[[ Listed entries open ]]
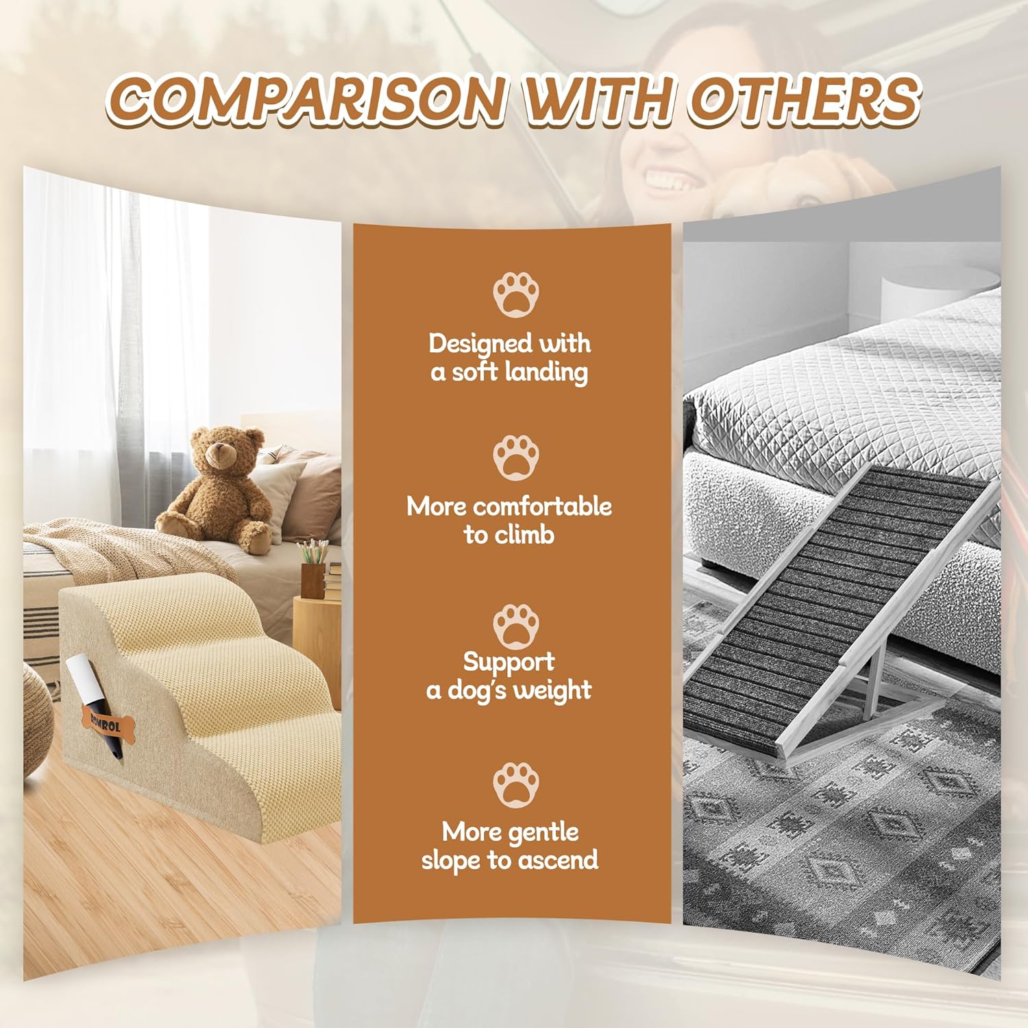 • 33D REBOUND HIGH-DENSITY FOAM: Our 33D foam delivers 63% faster rebound vs standard foam with enhanced weight capacity. Perfect for puppies, senior dogs, and pets recovering from surgery to access beds/couches safely. Dual-purpose as cat stairs for multi-pet households
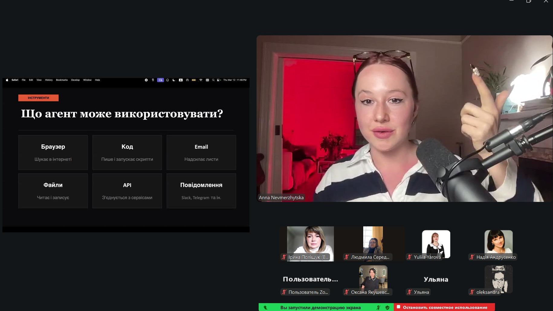 У межах презентації Анна Невмержицька розглянула: особливості використання AI-агентів у маркетингових процесах; зміни у конкурентному середовищі стартапів у Кремнієвій долині; сучасні інструменти автоматизації маркетингу, які дозволяють невеликим командам масштабувати бізнес; нові підходи до комунікації з аудиторією, зокрема через відеоконтент.
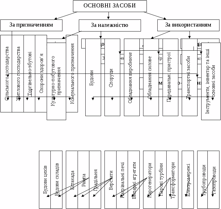 Основні засоби в Україні можна згрупувати за їх функціональним призначенням, за галузевою ознакою, за використанням, за ознакою належності, за натурально-матеріальним складом (рис. 1.1).
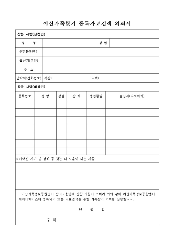 이산가족정보통합센터 관리 운영에 관한 지침에 의하여 위와 같이 이산가족정보통합센터 데이터베이스에 등록되어 있는 자료검색을 통한 가족찾기 의뢰를 신청할 때 사용하는 이산가족찾기등록자료검색의뢰서 양식입니다.
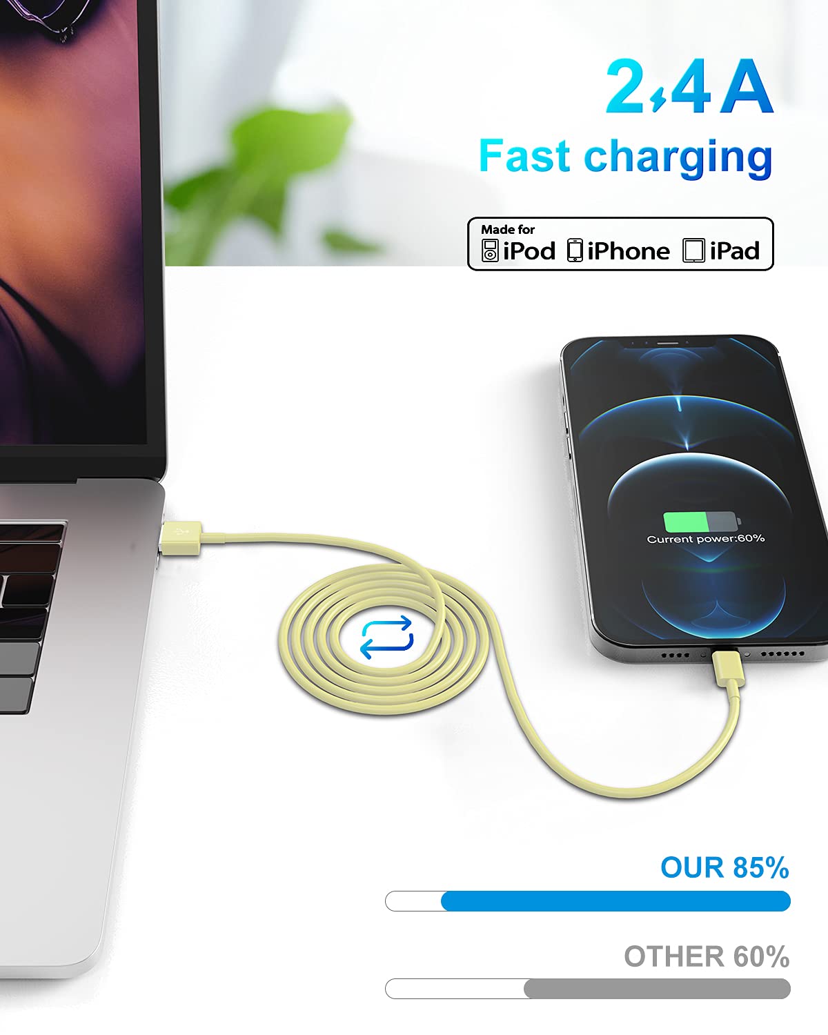 4 Pack [Apple Mfi Certified] Apple Charging Cables 6Ft, Iphone Chargers Lightning Cable 6 Foot, Fast Iphone Charging Cord For Iphone 14/14Pro/13/13Pro/12/11/11Pro/11Max/ X/Xs/Xr/Xs Max/8, Ipad(Yellow)
[[ Listed entries closed ]]
Leave out the pictures and print each record exactly as it stands.

Task solution
 • 33D REBOUND HIGH-DENSITY FOAM: Our 33D foam delivers 63% faster rebound vs standard foam with enhanced weight capacity. Perfect for puppies, senior dogs, and pets recovering from surgery to access beds/couches safely. Dual-purpose as cat stairs for multi-pet households
 У межах презентації Анна Невмержицька розглянула: особливості використання AI-агентів у маркетингових процесах; зміни у конкурентному середовищі стартапів у Кремнієвій долині; сучасні інструменти автоматизації маркетингу, які дозволяють невеликим командам масштабувати бізнес; нові підходи до комунікації з аудиторією, зокрема через відеоконтент.
 Основні засоби в Україні можна згрупувати за їх функціональним призначенням, за галузевою ознакою, за використанням, за ознакою належності, за натурально-матеріальним складом (рис. 1.1).
 이산가족정보통합센터 관리 운영에 관한 지침에 의하여 위와 같이 이산가족정보통합센터 데이터베이스에 등록되어 있는 자료검색을 통한 가족찾기 의뢰를 신청할 때 사용하는 이산가족찾기등록자료검색의뢰서 양식입니다.
 4 Pack [Apple Mfi Certified] Apple Charging Cables 6Ft, Iphone Chargers Lightning Cable 6 Foot, Fast Iphone Charging Cord For Iphone 14/14Pro/13/13Pro/12/11/11Pro/11Max/ X/Xs/Xr/Xs Max/8, Ipad(Yellow)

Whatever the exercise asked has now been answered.